Wciąż są w zakładach Azowstal. Rosja stawia warunek
Rząd chce w piątek ewakuować cywilów z oblężonych zakładów Azowstal w Mariupolu. Cały czas może być tam nawet około tysiąca mieszkańców Mariupola. Rosja jednak stawia warunek.
Ukraiński rząd zamierza przeprowadzić w piątek akcję ewakuacyjną cywilów ukrywających się przed rosyjskimi wojskami w zakładach Azowstal w Mariupolu nad Morzem Azowskim - poinformowało biuro prezydenta Wołodymyra Zełenskiego.
Ataki Rosjan są wciąż odpierane przez ukraińskie wojsko broniące Azowstalu.
Szef donieckiej administracji obwodowej Pawło Kyryłenko przekazał w czwartek, że Rosjanie nie pozwalają na ewakuację z zakładów rannych ukraińskich żołnierzy. Rzecznik Kremla Dmitrij Pieskow powiedział w czwartek, że cywile mogą opuścić Azowstal, jednak najpierw ukraińscy żołnierze muszą się poddać. Pieskow nie widzi pola do dalszych negocjacji.
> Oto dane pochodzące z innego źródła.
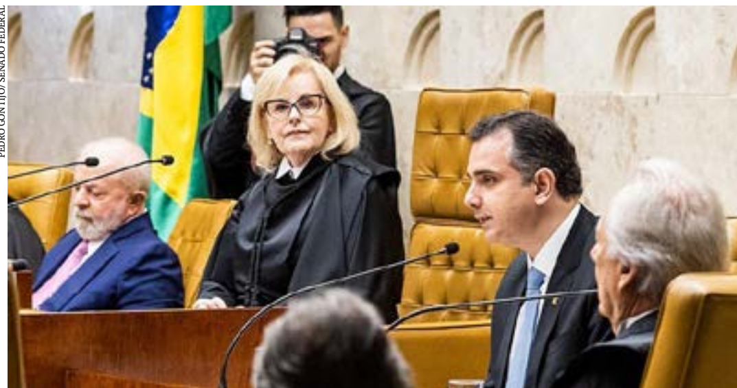
Luiz Inácio Lula da Silva, Rosa Weber e Rodrigo Pacheco durante a abertura do Ano Judiciário

Segundo ele, numa nação marcada pela desigualdade, a tarefa de superá-la deve ser compartilhada entre pessoas e instituições. Lula disse ainda que uma democracia para poucos jamais será uma verdadeira democracia e que o STF é também guardião da dignidade de cada brasileiro e ator fundamental na luta contra a injustiça social.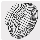
Motor con bobinas de cobre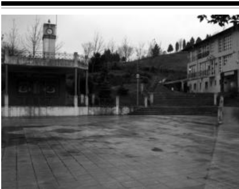
Plazaren inguruan eraikiko dituzte tasatutako 42 udal etxebizitzak. IMANOL GARCIA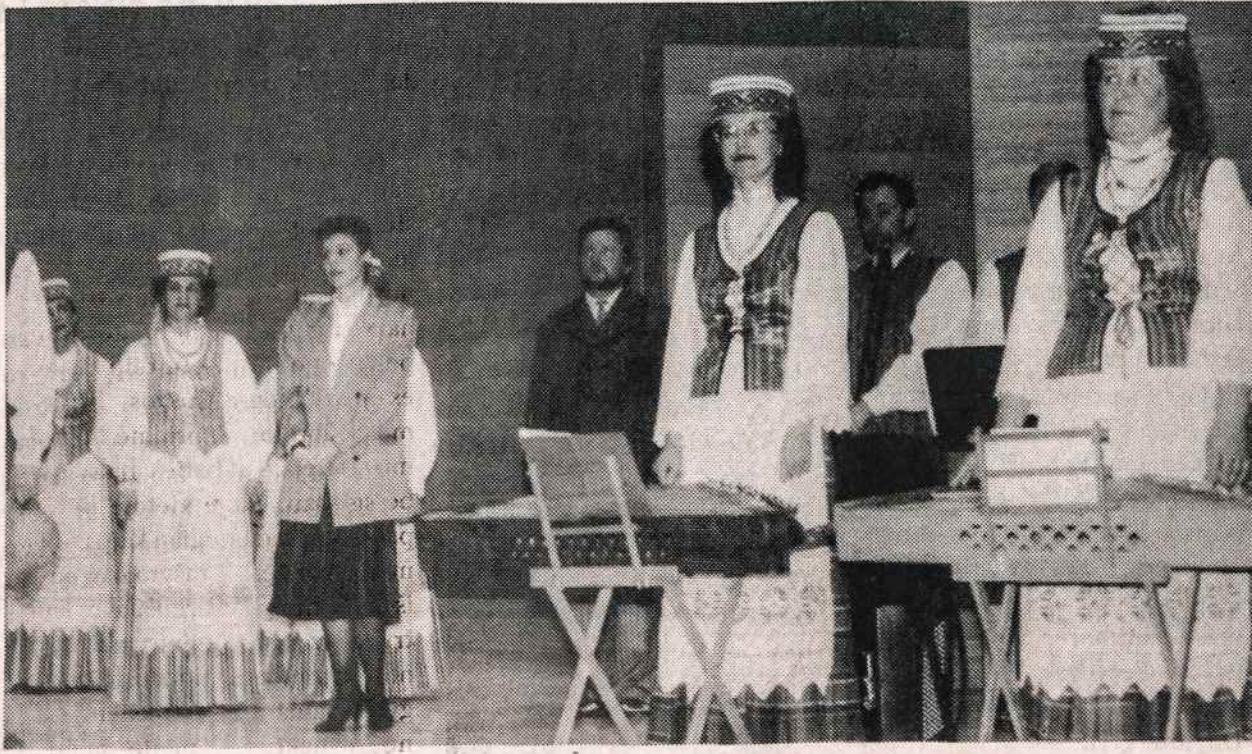
Panevėžio liaudies dainų ir šokių ansamblis "Ekranas" atliko programą balandžio 7 Clevelando valstybiniame universitete.

Vysk. Žemaitis kelionę Amerikoje koordinuoja Lietuvių Katalikų Religinė Šalpa. Telef. 718 647-2434.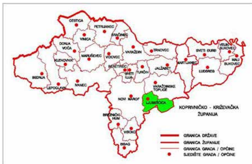
Slika 1. Smještaj Općine Ljubešćica u Varaždinskoj županiji

Općina Ljubešćica nalazi se u sastavu Varaždinske županije na njenom jugoistočnom dijelu. Jedna je od 22 općine i 6 gradova. Na zapadu graniči s Gradom Novi Marof, na sjeveru s Gradom Varaždinske Toplice, a južno i istočno sa susjednom Koprivničko - križevačkom županijom (Slika 1). Općina se prostire na 35,6 kvadratna kilometra što iznosi 2,82 % od ukupne površine Županije. Prema popisu stanovništva iz 2011. godine Općina Ljubešćica ima 1 858 stanovnika, iz čega proizlazi da je gustoća naseljenosti 52 stanovnika/km 2 .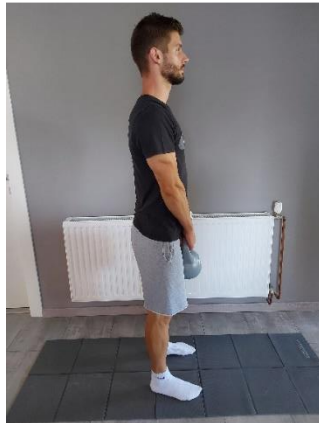
Slika 34. Uspravan položaj za pretklon tijelom

Mrtvo dizanje na opružene noge (Slika 34). Iz uspravnog položaja, kukove gurati unatrag, a girju spuštamo u visini nožnih prstiju (Slika 35 i Slika 36). Izvoditi 10 ponavljanja.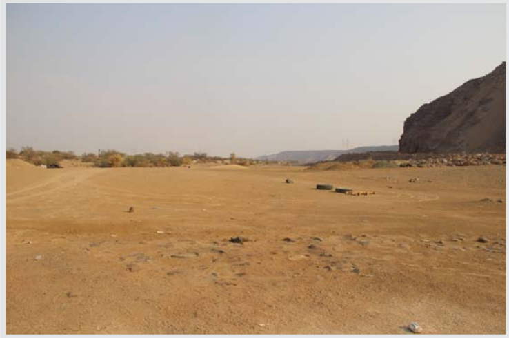
وادي الجحفة الذي يقع على شفيره غدير خم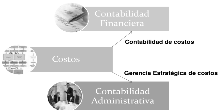
Figura 2. Subsistemas de la contabilidad relacionados con la información de costos

Lograr el adecuado control y, por supuesto, valoración de los inventarios antes descritos, requiere la configuración de lo que se denomina “la contabilidad de costos”, la cual puede definirse como la disciplina que estudia las técnicas o los métodos que permiten la determinación del costo de un proyecto, de un proceso o de un bien a través de una medición directa, una asignación arbitraria o una distribución sistemática y racional (Barfield, 2005, p. 5). Tradicionalmente la contabilidad se ha dividido en subsistemas, entre los cuales se encuentra el de costos, el cual se muestra íntimamente relacionado con otros dos subsistemas: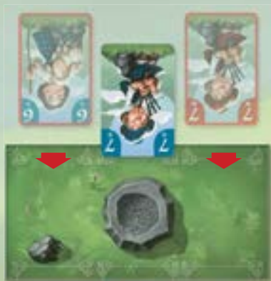
Пример возможного размещения

Игрок должен выбрать 1 из карт жителей в своей руке и разместить её на одном из полей собраний. Карта должна быть размещена напротив или рядом хотя бы с одной другой картой жителя, лежащей лицом вверх.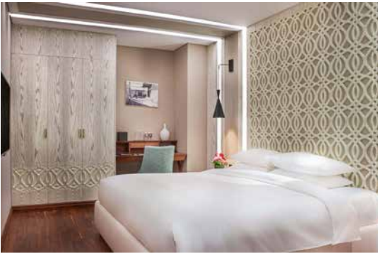
غرفة النوم - الجناح التنفيذي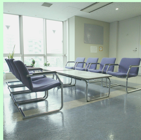
2号館4階のミーティングスペース

また、2号館の4階と5階にはミーティングスペースがあり、学生と教員が面談を行ったり、授業の空き時間には学生同士で談話したりしています。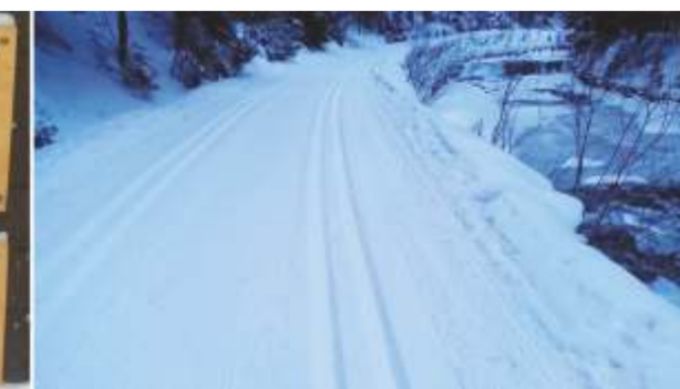
Jistě si i vy pamatujete na dřevěný srub Správy KRNAP u začátku stopy se suvenýry, pohlednicemi a ochotnou obsluhou. Na otázku: Proč byl odstraněn, zdali Správa KRNAP plánuje ve stejných místech srub nový, a také obnovu dřevěných informačních tabulí (viz. fotografie), které se vázaly k časovým výsledkům dosaženým při běhu na lyžích ve stopě?, Radek Drahný, tiskový mluvčí, vedoucí oddělení styku s veřejností Správy KRNAP, odpověděl: „Přivodní dřevěný srubek dožil. Plánujeme tam nějakou mobilní stavbu, nyní je stav, že čekáme od ČEZu zhotovení přípojky do daného prostoru, protože tam není elektrina. Co se týká gravírovaných cedulí, které tam už také nejsou, neplánujeme jejich návrat. Tematicky nesouvisí s naší činností“, vysvětlil R. Drahný. Upravovateli stopy „Bud' fit“ patří poděkování.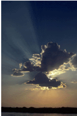
En mørk sky kom

afgive en mand i krigstjeneste for hver 20. tønde hartkorn, på den måde blev Jeppe soldat.

Na terenie fabryki Azowstal prawdopodobnie wciąż ukrywa się około tysiąca mieszkańców Mariupola. W zakładach bronią się pułk Gwardii Narodowej Azow i 36. Samodzielna Brygada Piechoty Morskiej.
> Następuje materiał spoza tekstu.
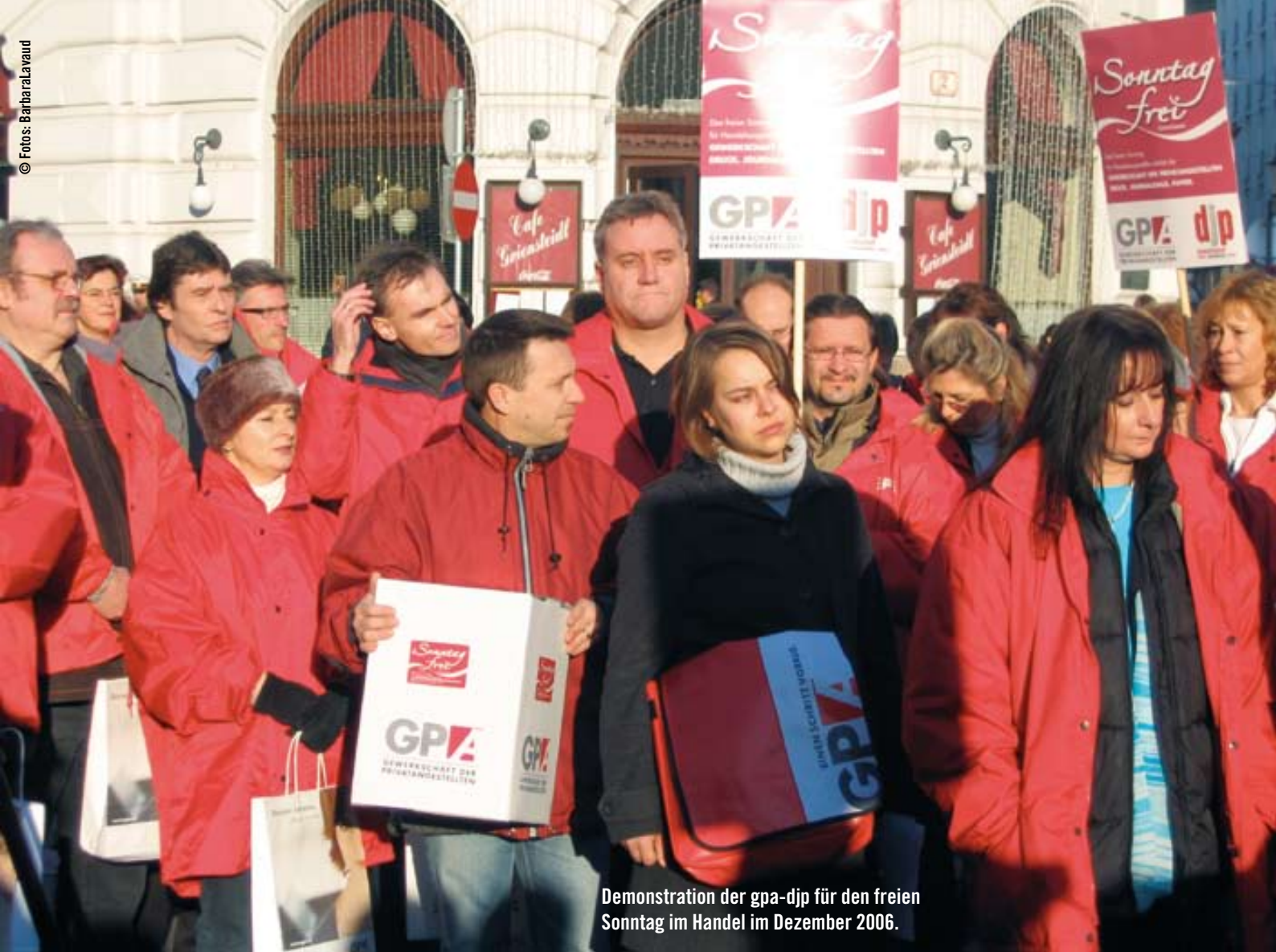
Demonstration der gpa-djp für den freien Sonntag im Handel im Dezember 2006.

schlag nicht zur Auszahlung kommt. Dabei betrifft das eine große Gruppe von ArbeitnehmerInnen. Von den mehr als 500.000 unselbstständig Beschäftigten im Handel sind 30 bis 40 Prozent teilszeitbeschäftigt und davon wiederum die Mehrzahl sind Frauen.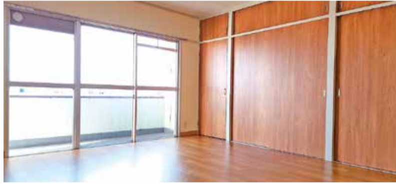
広々とした洋室 (昨年度の完成写真)

また、確認のため当協会からご連絡する場合がありますので、メールにご連絡先の記載をお願いいたします。 保養所受付専用メールアドレス hoyoujyo@y-port-kousei.or.jp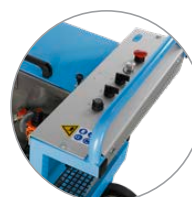
Panneau de commande bien structuré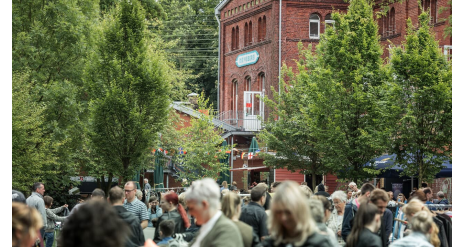
Weberlei GT - © Detlef Guethenke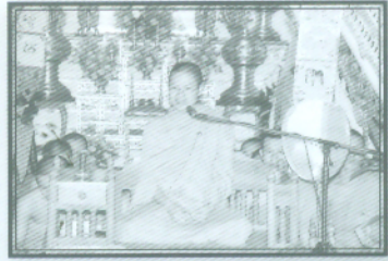
พระมหาวุฒิชัย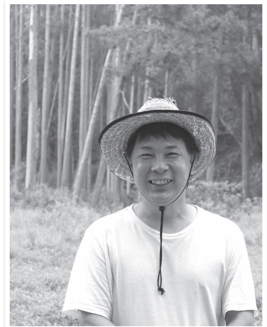
温泉旅行でたまたまこのホテルに来たというお客様でも、シェアリングネイチャー体験を通して「視野が広がり世界も広がった」と思ってもらえるような、プログラムを日々実践しています。

「中学生の頃から、人は自然と離れた暮らしをすると心身を壊すと漠然と感じていたことも、この道に進んだ理由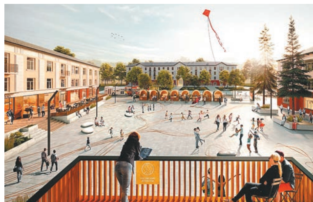
«Чусовские атланты» совместят историческое наследие и современные тенденции

Dzieci w zakładach Azowstal
Kilka dni temu ukraiński pułk Azow opublikował nowe poruszające nagranie z podziemia zakładów metalurgicznych Azowstal w Mariupolu. Na nagraniu widać kobiety z dziećmi w różnym wieku. Jak sami mówią, ukrywają się tam od początku marca. Mówią, że najbardziej chcieliby wyjść na zewnątrz i zobaczyć słońce.